BEGIN Data

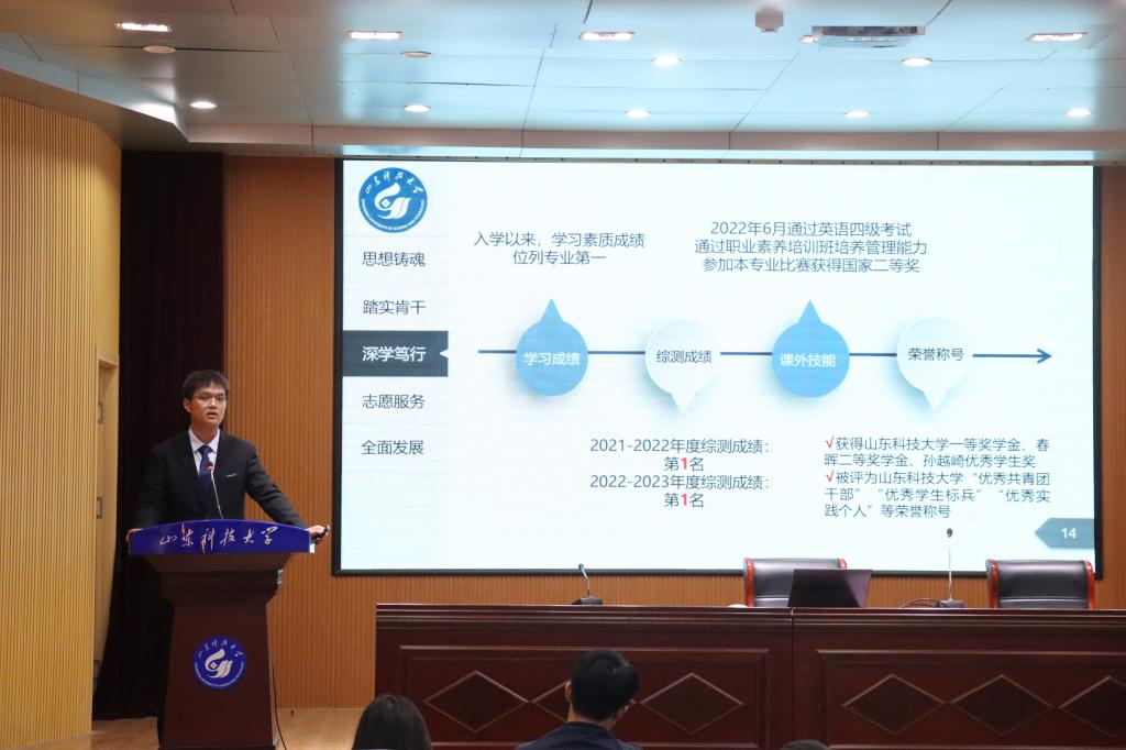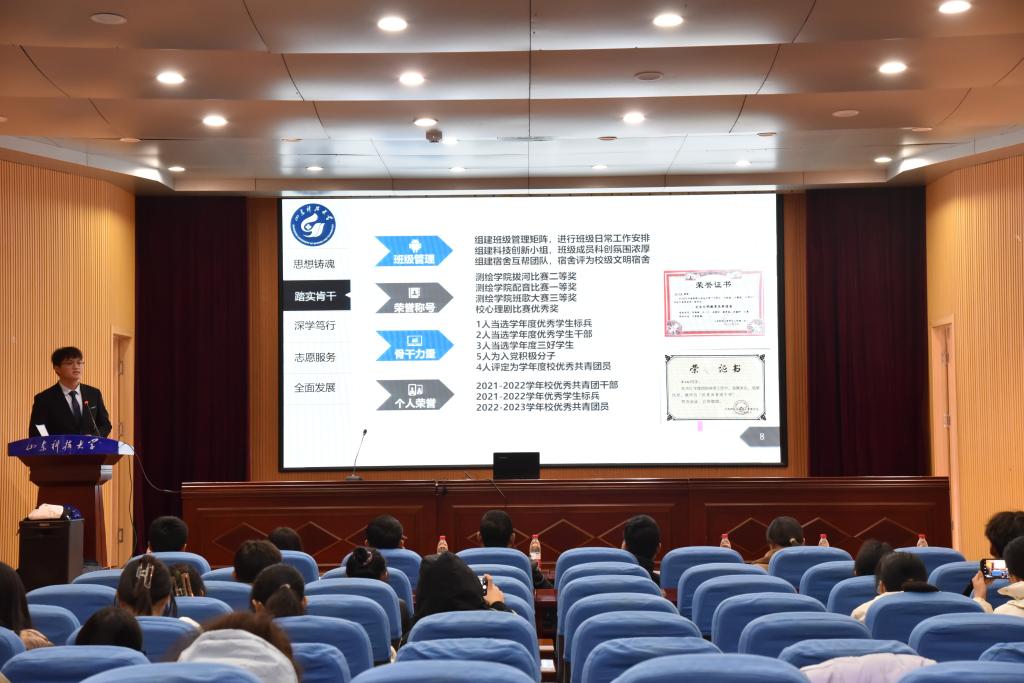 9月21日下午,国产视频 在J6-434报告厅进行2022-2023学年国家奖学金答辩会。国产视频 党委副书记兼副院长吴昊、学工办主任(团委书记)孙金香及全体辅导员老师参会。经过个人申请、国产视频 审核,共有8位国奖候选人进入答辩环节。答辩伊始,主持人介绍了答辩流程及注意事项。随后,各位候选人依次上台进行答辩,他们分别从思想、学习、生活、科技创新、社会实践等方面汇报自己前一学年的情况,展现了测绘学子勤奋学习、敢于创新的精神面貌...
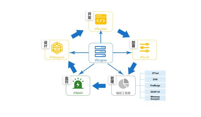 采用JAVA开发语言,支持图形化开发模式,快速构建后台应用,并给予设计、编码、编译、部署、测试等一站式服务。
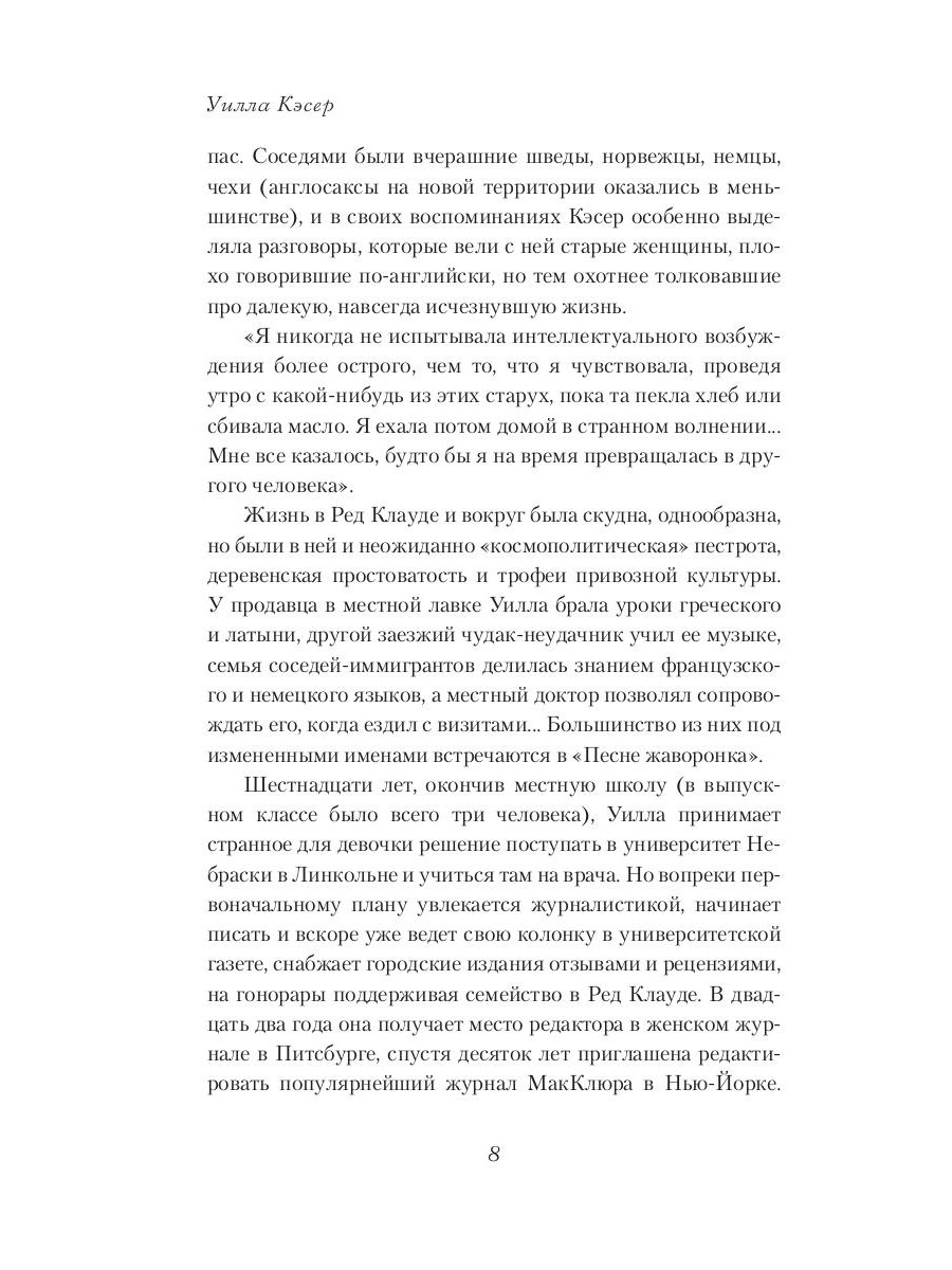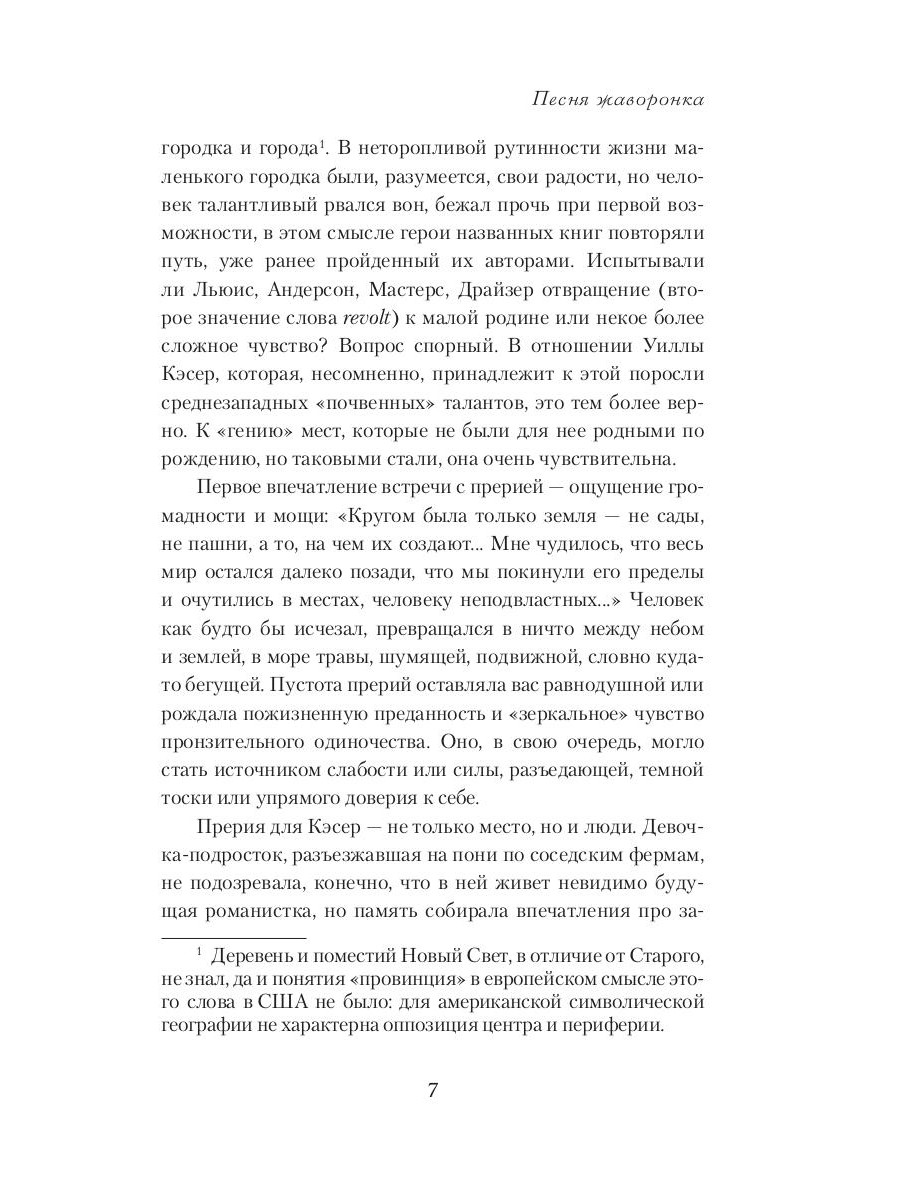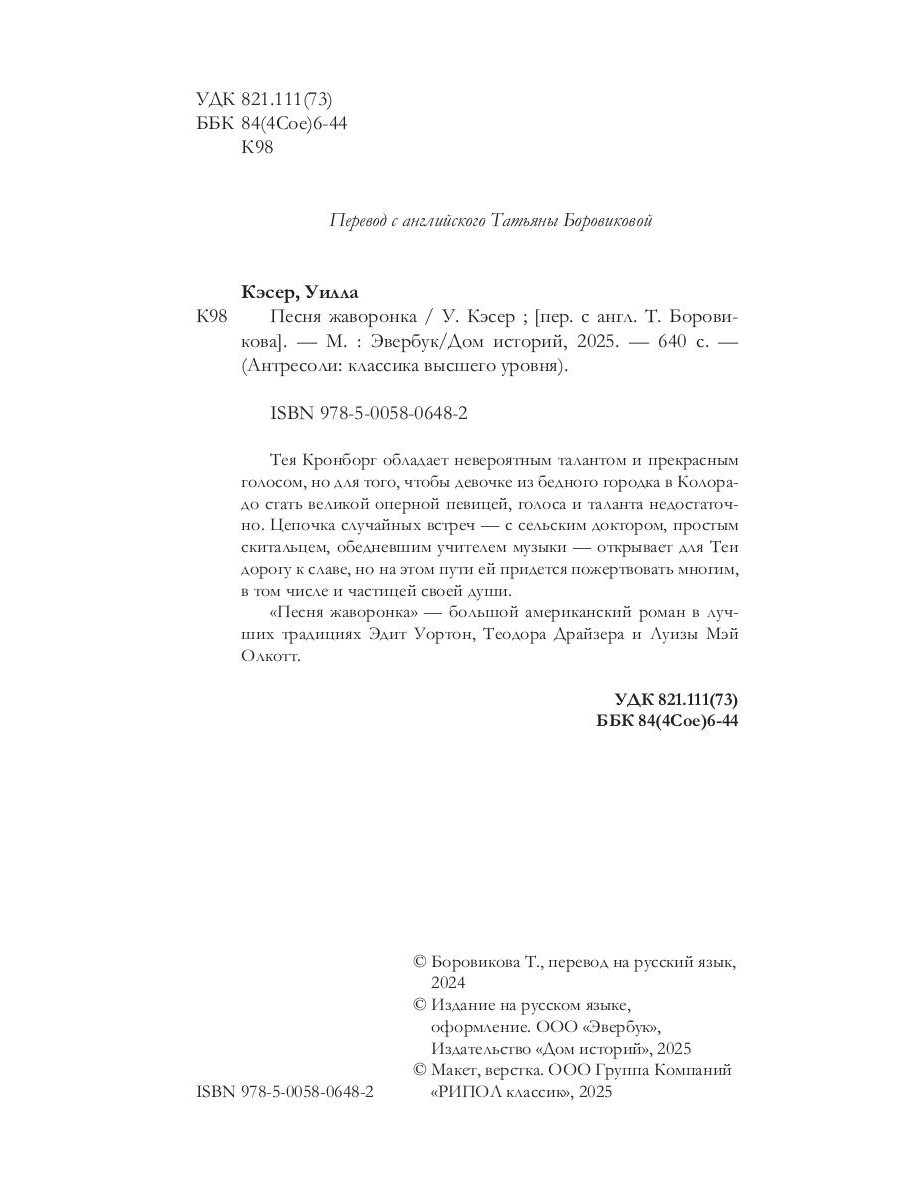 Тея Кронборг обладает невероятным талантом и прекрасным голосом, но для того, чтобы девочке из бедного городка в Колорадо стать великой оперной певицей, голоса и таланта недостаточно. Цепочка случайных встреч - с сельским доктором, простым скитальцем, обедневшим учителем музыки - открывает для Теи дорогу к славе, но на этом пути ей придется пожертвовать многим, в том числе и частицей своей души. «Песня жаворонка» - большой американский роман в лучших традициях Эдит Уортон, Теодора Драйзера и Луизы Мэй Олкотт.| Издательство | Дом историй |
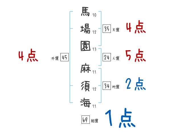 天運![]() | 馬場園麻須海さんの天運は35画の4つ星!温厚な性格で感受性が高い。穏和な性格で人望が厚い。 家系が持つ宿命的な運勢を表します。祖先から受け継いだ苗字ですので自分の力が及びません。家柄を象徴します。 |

END Data

Aim of the task:
Write the lines from the line containing "Тея Кронборг обладает" through the last line of the data out again exactly, and only those lines; pictures stay out.

Answer section:
 Тея Кронборг обладает невероятным талантом и прекрасным голосом, но для того, чтобы девочке из бедного городка в Колорадо стать великой оперной певицей, голоса и таланта недостаточно. Цепочка случайных встреч - с сельским доктором, простым скитальцем, обедневшим учителем музыки - открывает для Теи дорогу к славе, но на этом пути ей придется пожертвовать многим, в том числе и частицей своей души. «Песня жаворонка» - большой американский роман в лучших традициях Эдит Уортон, Теодора Драйзера и Луизы Мэй Олкотт.| Издательство | Дом историй |
 天運![]() | 馬場園麻須海さんの天運は35画の4つ星!温厚な性格で感受性が高い。穏和な性格で人望が厚い。 家系が持つ宿命的な運勢を表します。祖先から受け継いだ苗字ですので自分の力が及びません。家柄を象徴します。 |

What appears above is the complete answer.